Treasures from Nimrud include elaborately-carved ivories taken by the Assyrians from kingdoms to the west, either as tribute or spoils of war. In north Mesopotamia, the kingdom of Assyria developed as a powerful state. Between 900BC and 620BC it established itself as the world’s first extensive empire, unifying a region reaching from the Persian Gulf to Egypt. Nimrud was the empire’s first great capital city.

Treasures were brought to Oxford from Iraq following excavations undertaken in the 19th century and the middle of the 20th century.

The Ashmolean has the second-largest collection of Nimrud objects in the UK, with roughly 330 artefacts that include . Among the collection are three relief panels from the Northwest Palace, excavated by the British explorer Austen Layard between 1845 and 1851.

Although an immensely ancient town dating back to 5500BC, Nimrud was developed into an imperial centre by the Assyrian king Ashurnasirpal II (883BC to 859 BC) with a series of richly-decorated palaces and temples.

Sir Henry’s excavation uncovered stone reliefs and winged bulls and lions. The work was supported by the British government and many of his finds, including examples of the carved stone panels and sculpted gate colossi, were transported to Britain.

“While examples of relief slabs were also sent to museums and institutions around the world, many were left where they were found and reburied,” said Dr Collins.

The Ashmolean was to received a significant quantity of artefacts from excavations by the British School of Archaeology in Iraq in the 1950s. Objects, including statues, figurines, jewellery, ceramic vessels and ivory writing boards, were gifted to the museum as a result of financial donations to the archaeological dig.

Sir Max Mallowan, the husband of the crime writer Agatha Christie, was a key figure in these later excavations. The pair, who married in 1930, set up home in Oxfordshire in 1934 at Winterbrook House, just outside Wallingford.

Sir Max later became a Fellow of All Souls, Oxford in 1962 and was knighted in 1968. The pair are buried in the churchyard of St Mary’s Church, Cholsey.

Dr Collins said: “Large parts of Ashurnasirpal’s palace were investigated by Iraqi archaeologists during the 1970s and 1980s and their work included the re-installation and repair of fallen stone reliefs, many with trances of the original paint that covered them. The winged bull statues that guard the entrances to the most important rooms and courtyard were also re-erected. The restoration projects also revealed several tombs of Assyrian queens that lay below the floors in one area of the palace.

“The reconstruction of the palace also allowed visitors, including regular parties of schoolchildren, to experience the buildings’ scale and beauty, as well as bringing scholars closer to understanding its role in the lives of the ancient Assyrians.

“There was only a slim chance that these impressive archaeological remains would be overlooked by IS since an attack on them would guarantee world attention.

“These acts are not only an attack on the people of Iraq but also the roots of our modern urbanised world. We still have the sense that at least part of the jigsaw survives here, but the far larger part has now gone.”

Within days of Islamic State releasing a video showing the destruction of architectural treasures at Nimrud, journalists from the New York Times to Al Jazeera were contacting Dr Collins as a leading authority on what was being lost.

When he delivered a lecture on April 2 earlier on What the World is Losing in Iraq, Dr Collins was still clinging to the hope that something would be left for the people of Iraq.

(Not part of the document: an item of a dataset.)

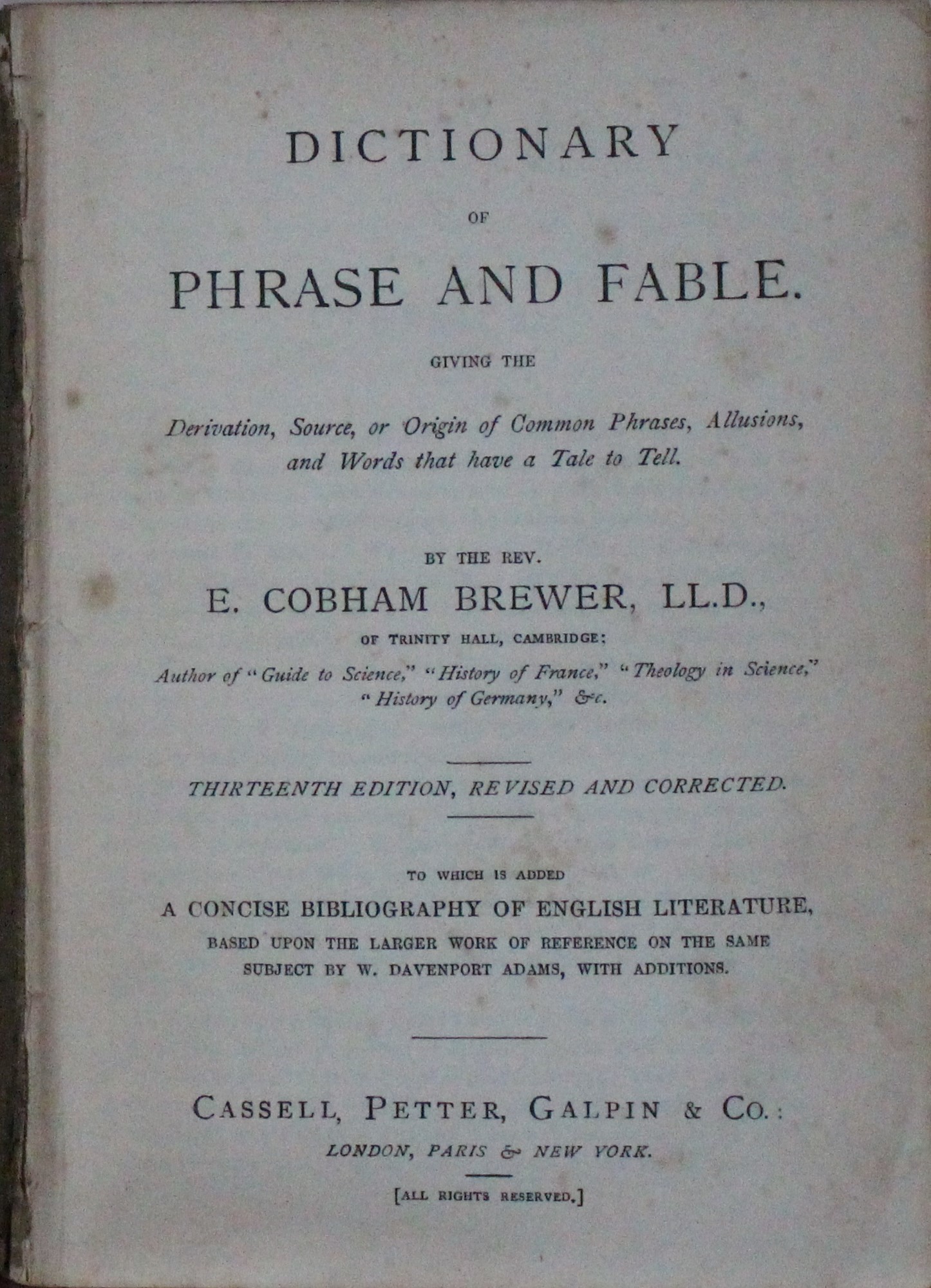 While relaxing and reading my evening repertoire of the 1 million best books, I periodically, crossed a person a place or phrase that somehow missed my reading repertoire. When this happens, I reach for my copy of "Brewer's Dictionary of Phrase and Fable."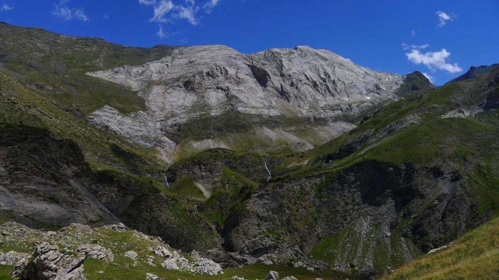 La senda faldea en ascenso hacia el N. Hay que atravesar varios barrancos pedregosos. Es curiosa, en algunas zonas prácticamente se pierde y cuesta seguirla, en otras está bien trabajada, incluso se ven terrones de hierba levantada para construirla. No sabemos para qué se ha hecho ni a dónde irá. Lo cierto es que la seguimos demasiado trozo hasta que nos damos cuenta de que teníamos que habernos desviado a la izquierda (2365m 2h31′). A la bajada seguimos mejor la ruta.

Now those hopes have been shattered.

“When I gave the talk we had no real information about the level of destruction. Now we know it has been completely destroyed.”

The new video, set to a backdrop of music, shows jihadists pledging to remove “all signs of idolatry” before placing barrels apparently filled with explosives and blowing up three separate areas of the site.

A deep crater in the ground is now all that appears to remain of the once proud city following the explosions, with the destruction of this priceless legacy complete and little remaining beyond the exhibits in museums from Baghdad to the Ashmolean.